Transformation to acute myeloid leukemia was reported in 1 patient in each of the fedratinib groups and in 2 patients in the placebo group. A total of 24 patients died during the first 24 weeks (4 [4%], 10 [10%], and 10 [11%] in the 400-mg, 500-mg, and placebo groups, respectively); 9 of these deaths were attributed to AEs (1 [1%], 4 [4%], and 4 [4%]) (eTable 5 in Supplement 2). No analyses of overall or progression-free survival were conducted because there were too few events at data cutoff.

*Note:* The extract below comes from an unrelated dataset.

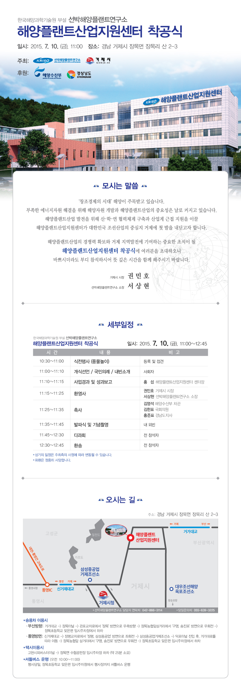 해양플랜트산업의 경쟁력 확보와 거제 지역발전에 기여하는 중요한 초석이 될 한국해양과학기술원 부설 선박해양플랜트연구소 '해양플랜트산업지원센터 착공식'에 여러분을 초대하오니 바쁘시더라도 부디 참석하시어 뜻 깊은 시간을 함께 해주시기 바랍니다.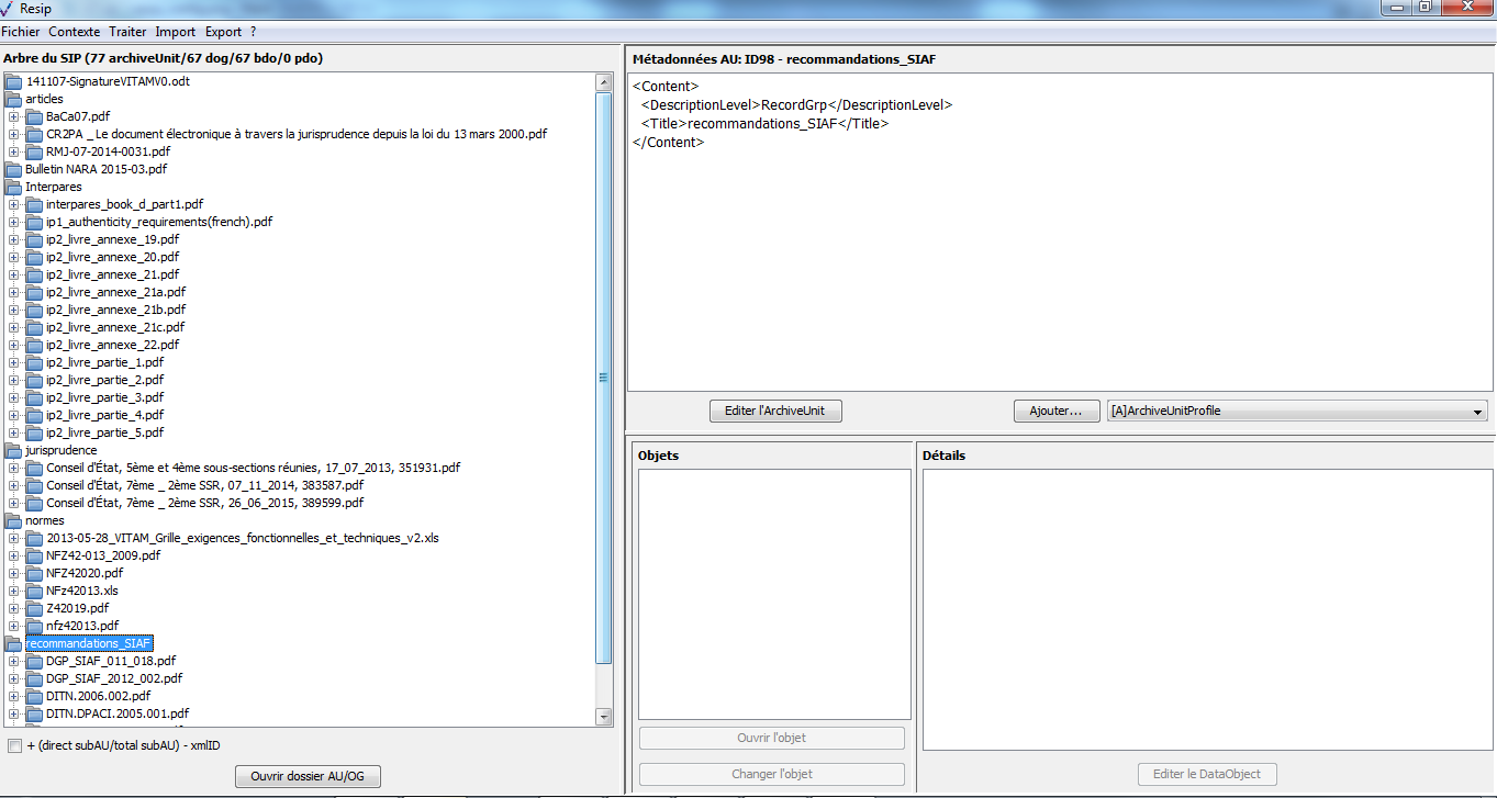 Génération des ArchiveUnits du manifeste SEDA sous forme hiérarchique |

One case of Wernicke encephalopathy (WE) and 1 case of encephalopathy of unknown origin were reported before data cutoff. Following database lock and notification of investigators of the 2 prior cases, 2 additional cases of WE were reported in patients during the study, 1 of which was reported after fedratinib trials had been halted. All 4 cases were in women who received fedratinib 500 mg (eTable 6 in Supplement 2). Three of these cases were confirmed by an independent expert safety panel, which included a neuro-oncologist and a neuroradiologist, as WE on the basis of both clinical features and MRI. Diagnosis of WE in the fourth case was confirmed by the panel on the basis of clinical symptoms alone in the absence of specific MRI findings. Symptoms developed 6 to 44 weeks after initiation of fedratinib treatment and led to permanent treatment discontinuation. Pharmacokinetic analysis of 2 patients indicated above-mean fedratinib levels for the patients compared with the study population; the other 2 patients were placebo crossovers and had not been assessed for pharmacokinetic exposure. Cognitive symptoms developed in the absence of concurrent alcohol use as a potential contributing factor but in the context of persistent vomiting, malnutrition, and cachexia in 1 patient, vomiting and hyponatremia in 1 patient, and renal failure with mild hyponatremia in 1 patient. Intravenous thiamine was administered after recognition of the clinical syndrome, and, whereas all patients showed some response to treatment, at the time of this report, some persistent cognitive defects remain in all patients.

Discussion

These results demonstrate that fedratinib treatment is associated with significant improvements in splenomegaly and symptom burden in patients with intermediate-2 or high-risk MF, as compared with placebo. The primary end point was achieved by 36% and 40% of patients in the fedratinib 400-mg and 500-mg groups, respectively, whereas only 1 patient in the placebo group achieved this response. In addition to those patients meeting the predefined primary end point, an additional 10 patients (5 in each active treatment arm) achieved spleen volume reductions of at least 35% at 24 weeks that were not confirmed 4 weeks later; in all cases, spleen volume reductions at the confirmation date were at least 25%. Spleen responses with fedratinib treatment were not appreciably affected by JAK2 mutational status, MF disease subtype, or risk status. Symptom burden was reduced following 4 weeks of treatment in both fedratinib dose groups and remained at this reduced level to the 24-week analysis time point. In contrast, most patients in the placebo group showed no improvement in symptoms during a period of 24 weeks.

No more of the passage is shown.